In part 1, we tackled the concept of IP as a partnership between the IP supplier and the user. In the second installment, we looked at how sophisticated the industry has become and if it is now too complex for start-ups.
Taking part in this discussion are: Mike Gianfagna, vice president of Corporate Marketing, Atrenta; Warren Savage, president and CEO of IPextreme; John Koeter, vice president of Marketing, Solutions Group, Synopsys; and Chris Rowen, Cadence Fellow and CTO, Tensilica.
EE Times: IP used to be fairly simple blocks, but today there appears to be a trend for larger IP sub-systems becoming the norm. While some IP suppliers are shipping the complete sub-system, are we perhaps going to see a tiered approach in the industry where a company may integrate several smaller pieces of IP together and then resell that as a sub-system?
Mike Gianfagna: On the engineering side of it, it's a matter of who is smart enough to do it. What applications do you want to focus on? I think that is absolutely a commercial opportunity, and it is something we are going to see more of.
Warren Savage: I think it's more challenging than it seems. What I am seeing is verticalisation. Verticalisation enables specialists in areas, such as automotive. It often requires special certification and special expertise in those areas. You may see a consolidator for a sub-system in particular markets, whether it be medical, automotive. It requires that there are enough specialties in those areas that it's not horizontal.
Chris Rowen: I see two distinct flavours of opportunity. One, there are more vertical applications that have reached a critical mass in terms of popularity and ubiquity—there is room for IP sub-systems to serve those markets. As systems grows, there will be more of these niches where an individual core is too small, and somebody's going to want a complete 802.11ac base band, or a complete ZigBee base band, or a complete vision augmented reality sub-system.

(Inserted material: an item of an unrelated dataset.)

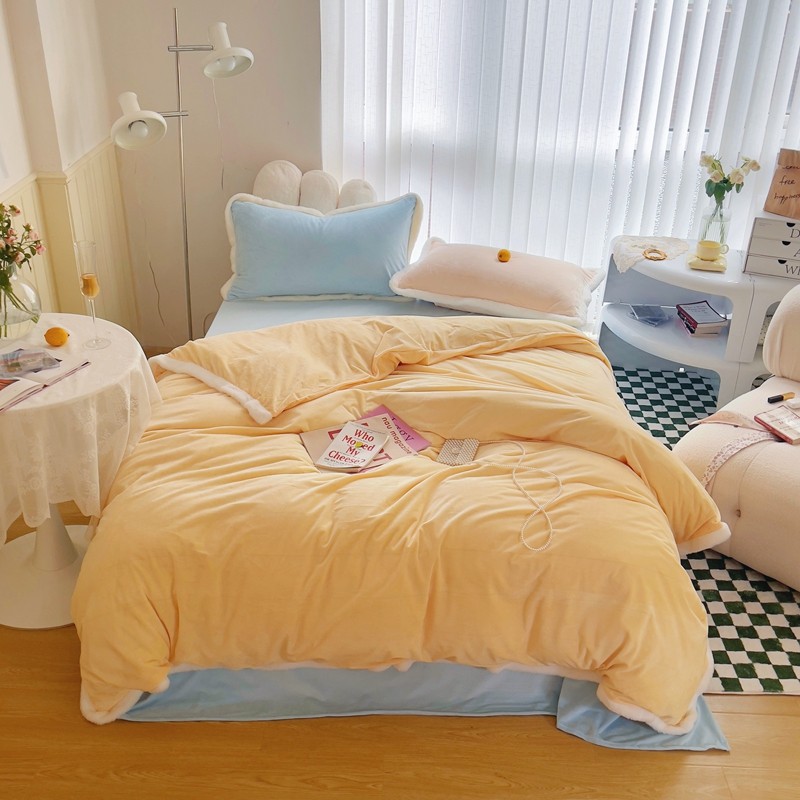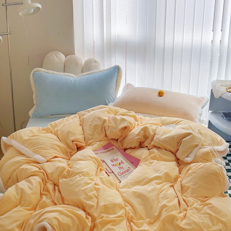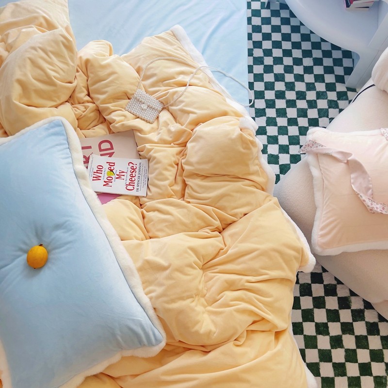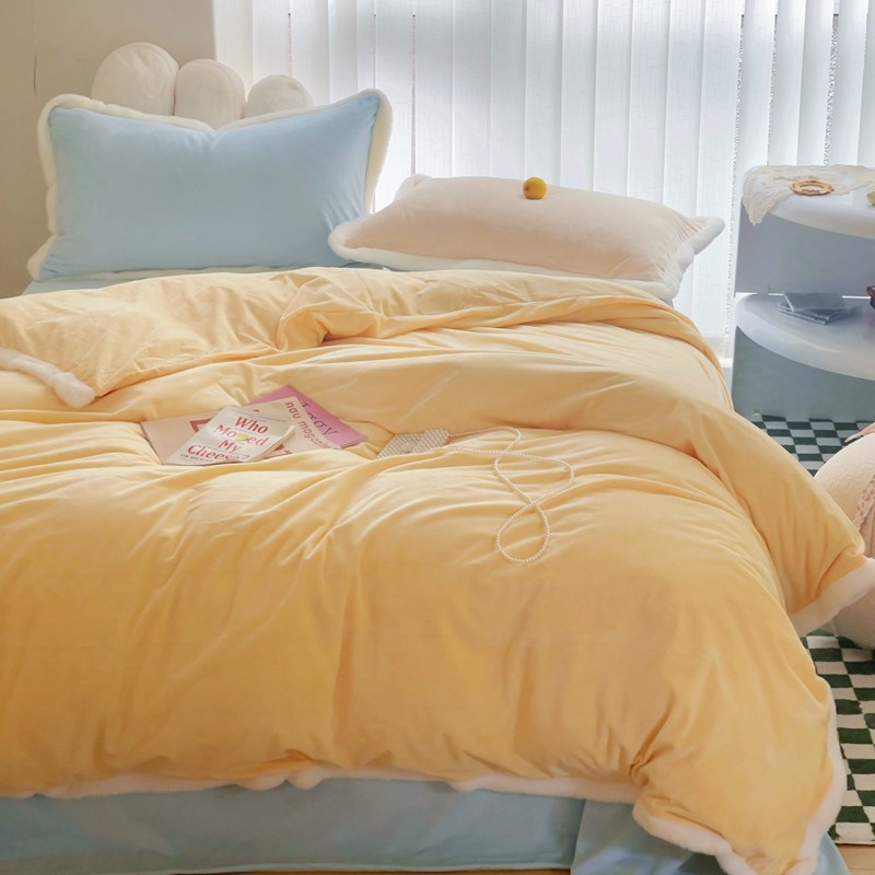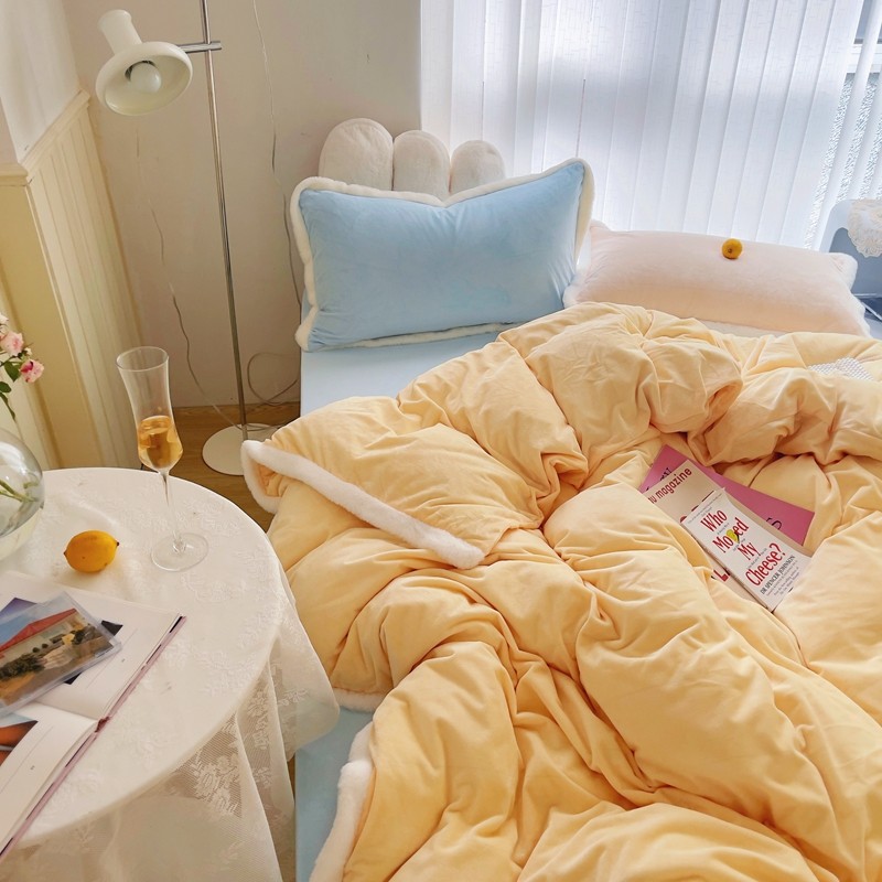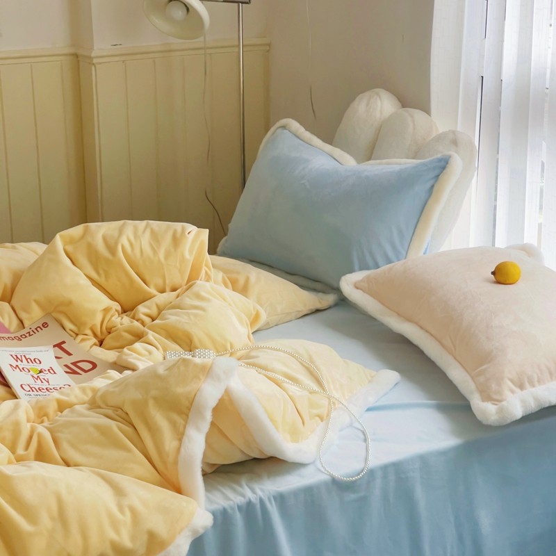 当前位置: 91家纺网 > 商品网购 > 床品套件 > 四件套 > 磨绒四件套 > 圆岛家新品纺撞色混搭系马卡龙ins慢热风冬款暖绒四件套 柠檬黄-枕套橙拼蓝+床单天空蓝

The other flavour is the set of IP, tools, and methodologies needed to integrate sub-systems together. The number of sub-systems will soon outstrip the number of individual IP cores we used to integrate. The integration of sub-systems is different qualitatively from the integration of blocks. The amount of software and application content in a sub-system is much greater, and it takes on a whole new character.
Gianfagna: I think there's a subtext here around standard interfaces and standard architectures. To the extent that those kinds of things flourish, you will have more of this. Without standard interface and standard architecture, you'll have a hard time with these sub-systems.
EE Times: Are we talking about hardware or software standards?
Rowen: Today, it's kind of a mess. Certainly, there is a fair amount of knowledge about things such as Android. The software interfaces, the knowledge of the software interfaces, the configurability of the software interfaces within Android will become central concerns. But the way others do it is different. I think there are very significant challenges ahead as we pop up to that next level of interfaces. With hardware interfaces we have known for a long time that they were important, and there's been a lot of work there.
Gianfagna: Standards make us all say, that's going to take forever, but actually, there's been progress.
Rowen: Some of them are de facto standards, such as AXI and good verification IP to make it easy to stitch it all together. IO interface standardisation is key. So the hardware piece is in okay shape. But moving up from there, it gets tougher.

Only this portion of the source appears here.